• Task description: No image is to be carried over; reproduce the rest of the listing word for word.

• Recorded information:
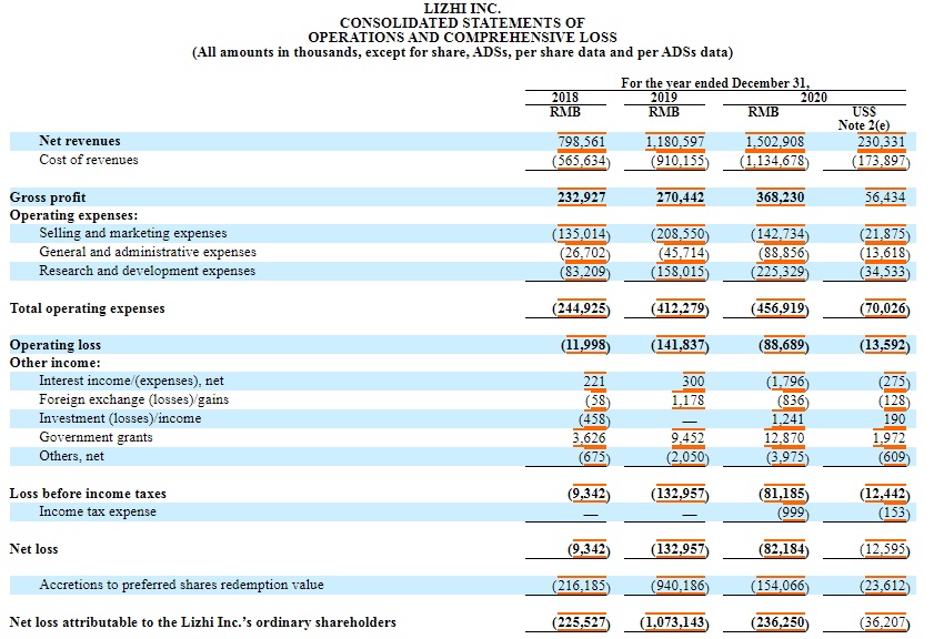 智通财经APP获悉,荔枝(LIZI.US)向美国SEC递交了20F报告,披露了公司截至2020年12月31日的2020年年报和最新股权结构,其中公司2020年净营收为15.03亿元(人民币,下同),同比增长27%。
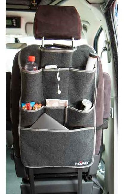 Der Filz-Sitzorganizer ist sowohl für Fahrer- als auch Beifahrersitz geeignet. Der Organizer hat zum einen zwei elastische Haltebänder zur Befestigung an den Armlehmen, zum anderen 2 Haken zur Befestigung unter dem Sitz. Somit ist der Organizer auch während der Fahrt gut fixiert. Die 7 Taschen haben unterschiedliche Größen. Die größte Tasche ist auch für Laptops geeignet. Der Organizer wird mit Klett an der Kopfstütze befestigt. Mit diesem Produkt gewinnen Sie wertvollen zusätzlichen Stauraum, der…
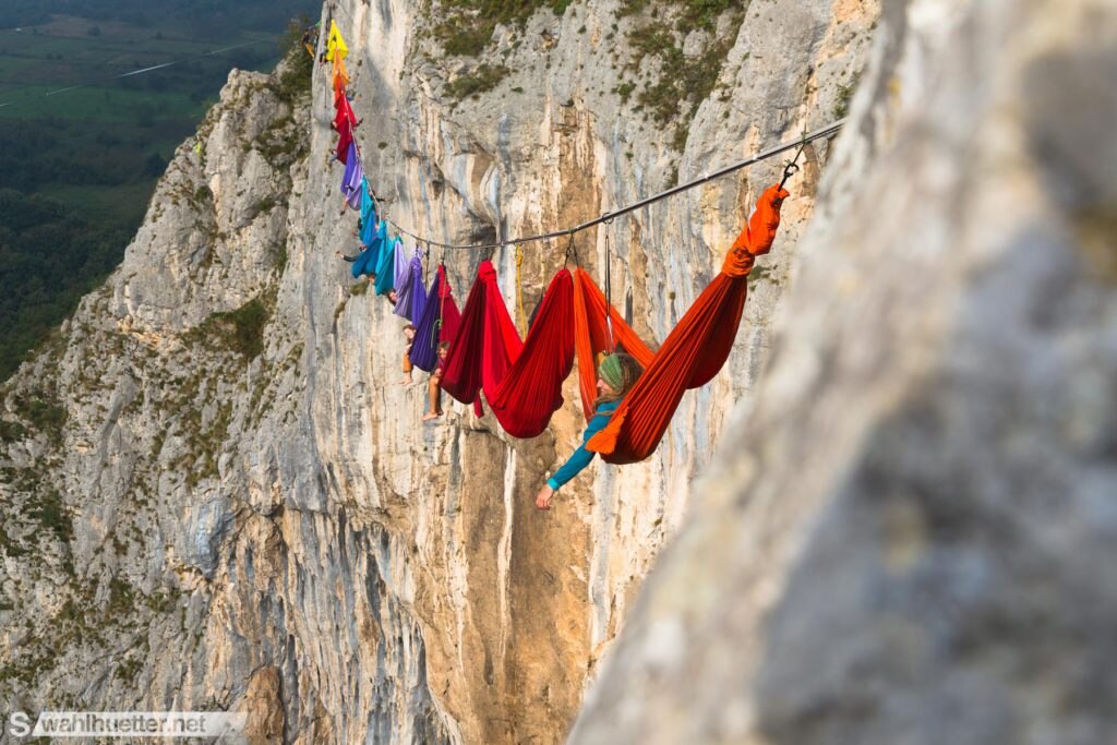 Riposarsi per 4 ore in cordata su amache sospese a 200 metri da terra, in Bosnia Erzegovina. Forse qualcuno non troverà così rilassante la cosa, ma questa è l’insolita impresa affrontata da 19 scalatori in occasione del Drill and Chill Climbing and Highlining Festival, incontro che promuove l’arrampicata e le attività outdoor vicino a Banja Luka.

• Completed exercise:
 智通财经APP获悉,荔枝(LIZI.US)向美国SEC递交了20F报告,披露了公司截至2020年12月31日的2020年年报和最新股权结构,其中公司2020年净营收为15.03亿元(人民币,下同),同比增长27%。
 Der Filz-Sitzorganizer ist sowohl für Fahrer- als auch Beifahrersitz geeignet. Der Organizer hat zum einen zwei elastische Haltebänder zur Befestigung an den Armlehmen, zum anderen 2 Haken zur Befestigung unter dem Sitz. Somit ist der Organizer auch während der Fahrt gut fixiert. Die 7 Taschen haben unterschiedliche Größen. Die größte Tasche ist auch für Laptops geeignet. Der Organizer wird mit Klett an der Kopfstütze befestigt. Mit diesem Produkt gewinnen Sie wertvollen zusätzlichen Stauraum, der…
 Riposarsi per 4 ore in cordata su amache sospese a 200 metri da terra, in Bosnia Erzegovina. Forse qualcuno non troverà così rilassante la cosa, ma questa è l’insolita impresa affrontata da 19 scalatori in occasione del Drill and Chill Climbing and Highlining Festival, incontro che promuove l’arrampicata e le attività outdoor vicino a Banja Luka.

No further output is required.